Hummelstown Officer Lisa Mearkle told jurors she believed David Kassick was still a threat even after she shocked him repeatedly with a stun gun.
“I wish he was here right now. I wish he didn’t do this,” Mearkle said, sobbing. “I didn’t want to have to shoot him, but he made me.”
The encounter was captured on video by a camera attached to Mearkle’s stun gun. The footage, which was played to jurors, showed the 37-year-old officer shocking Kassick before shooting him twice in the back as he lay face down in the snow in February.
In the video, Kassick’s hands repeatedly disappeared underneath his body as Mearkle screamed at him to keep them where she could see them and then fired the fatal shots. The trial judge has ordered that the video not be released to the public until there is a verdict.
The encounter began when Mearkle attempted to pull over Kassick after noticing an expired inspection sticker on his sedan. She pursued him to Kassick’s sister’s home, where he had been living, and he ran to the backyard.
Mearkle caught up to him in the yard. She said she was convinced he had a gun in his jacket and was reaching for it.
“There was no other reason for him to reach in his freaking jacket,” Mearkle said. “What else was I supposed to think he’s reaching for?”
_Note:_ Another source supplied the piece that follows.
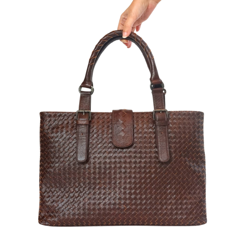 Messenger bag dengan anyaman kulit sapi pada eksterior yang dikunci dengan ritsleting dan klip magnet. Interior dilapisi poliester dengan kompartmen laptop yang dapat memuat hingga 14 inci dan disertai kantung dalam, dan kantung ristleting.

She described an intense scene in which dispatchers were talking to her by radio and Kassick’s brother was yelling at her to stop shocking the 59-year-old with the stun gun.
The two gunshots were a few seconds apart. Mearkle administered CPR as others arrived.
In tears, Mearkle said: “This is horrible for me. I’m sorry. I’m sorry. I’m sorry. I’m sorry.”
It’s not clear why Kassick fled, but investigators recovered a syringe by his body and prosecutors have said alcohol and unspecified drugs were in his system.
Mearkle has been on unpaid suspension since her arrest and is currently out on bail. In addition to third-degree murder, she is charged with voluntary and involuntary manslaughter.
She testified she hopes to return to police work.
“I’m a good police officer,” she told jurors. “This should not have happened to me.”
Does anyone who isn’t a law enforcement officer believe that this defense – “There was no other reason for him to reach in his freaking jacket” … “What else was I supposed to think he’s reaching for?” – would or should be successful for himself if he shot a man in the back? And what goes for you goes for the police, so says the Supreme Court ruling in Tennessee Versus Garner.
Leaving aside my disagreement with the so-called war on drugs, let’s discuss for a moment acceptable outcomes of this exchange. If would have been acceptable for her to have shot him if he had turned and assaulted her or threatened too, weapon or not. It might have been acceptable for her to have shot him had he stopped, turned, and quickly reached into his pants or coat and pulled out a pencil or pen (I’d have to see the video). It would have been acceptable for her to have hosed him down with OC spray.
It certainly would have been acceptable for her to have let him escape, thus avoiding taking his life. After all, she knew at that point she had access to a relative, and police investigators just love to do their jobs and find people wanted by the police. He would eventually have been apprehended. In fact, not only would this outcome have been acceptable, it would have been the most peaceful and wisest course of action.
But it is not acceptable for a cop to shoot a man in the back who is running away. And thus do we have yet another sad, disgusting installment of losing the mandate of heaven. And cops wonder why people mistrust them?